I feel lucky that I noticed the high number of comments and decided to drop back in.

I'm sorry to hear about your wife. And sorry that there are no decent attorneys left there who would run off the Mandamus writ in 2 mins. without charging you for filing it at her next trip to the courthouse. It's really pretty simple to get bad guys to do the right thing, but you've gotta threaten them just right. Spade knew how - with integrity.

We live in perilous times, and very few people are aware yet of just how perilous.

Until they get that call into the office.

Since I had it some time before, I know just how demoralizing it can be - even in a spotless work life (but who would believe that?).

Don't give in to the bastards!

Love you both,

S

knowdoubt said...

Why Thank you, Suzan, I think I have put one together (petition for Mandamus), but I don't want to file it before I find someone with a bar number willing do do the oral argument because she isn't up to that. Cartersville, GA is a small town < 20,000 so almost impossible to get a local attorney to do anything, but that is where I'm at. Thanks, so much for the kind comment, people just have no idea what's out there and when they do they suddenly find themselves just trying to survive never mind important principles like "due process".

RockDots said...

Great piece, DG. My dad protected us kids from knowing what unfathomable jerks he worked for, but in the end they finally got themselves into a situation they couldn't lie their way out of and blew themselves up (not literally, alas).

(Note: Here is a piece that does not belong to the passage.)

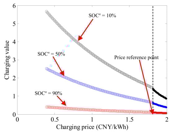 According to Equation (4), Figure 5 depicts the charging values of different SOCs at peak price times of the original charging tariff. It can be deduced that a smaller SOC corresponds to larger charging values at the same time. When the SOC of EV approaches 100%, charging is not an absolute necessity anymore, and the charging value for the EV user is close to zero at this moment. At a certain SOC, the charging value function still follows the basic value function of Equation (2), except the natural exponential function is introduced to express the law of natural growth. This is because, when the SOC is smaller, the charging value brought by the part of Equation (4) increases faster compared to the higher SOC, which can be easily derived from the derivative operation of .

I think that if he were to actually to undertake The Case of the Missing Salad Bar, Private Eye Bobo Brooks would undoubtedly collar the same perp that Tracer Bullet did here.

Rev.Paperboy said...

Those who pay attention to the media will understand what I mean when I say "the truth" or "the facts" or "objective reality" is (or should be) the partner of every reporter, journalist, muckraker, columnist and editor. With that in mind:

“When a man's partner is killed he's supposed to do something about it. It doesn't make any difference what you thought of him. He was your partner and you're supposed to do something about it. Then it happens we were in the detective (pundit) business. Well, when one of your organization gets killed it's bad business to let the killer get away with it. It's bad all around-bad for that one organization, bad for every detective (pundit) everywhere.

If our Miss Brooks is lucky they won't stretch his pretty neck for him, but I won't play the sap for him.

Gene Oberto said...

Drifty,

Big fan of both writers, but reading the piece I'm reminded of Dylan, Bob that is,

"To live outside the law, you must be honest."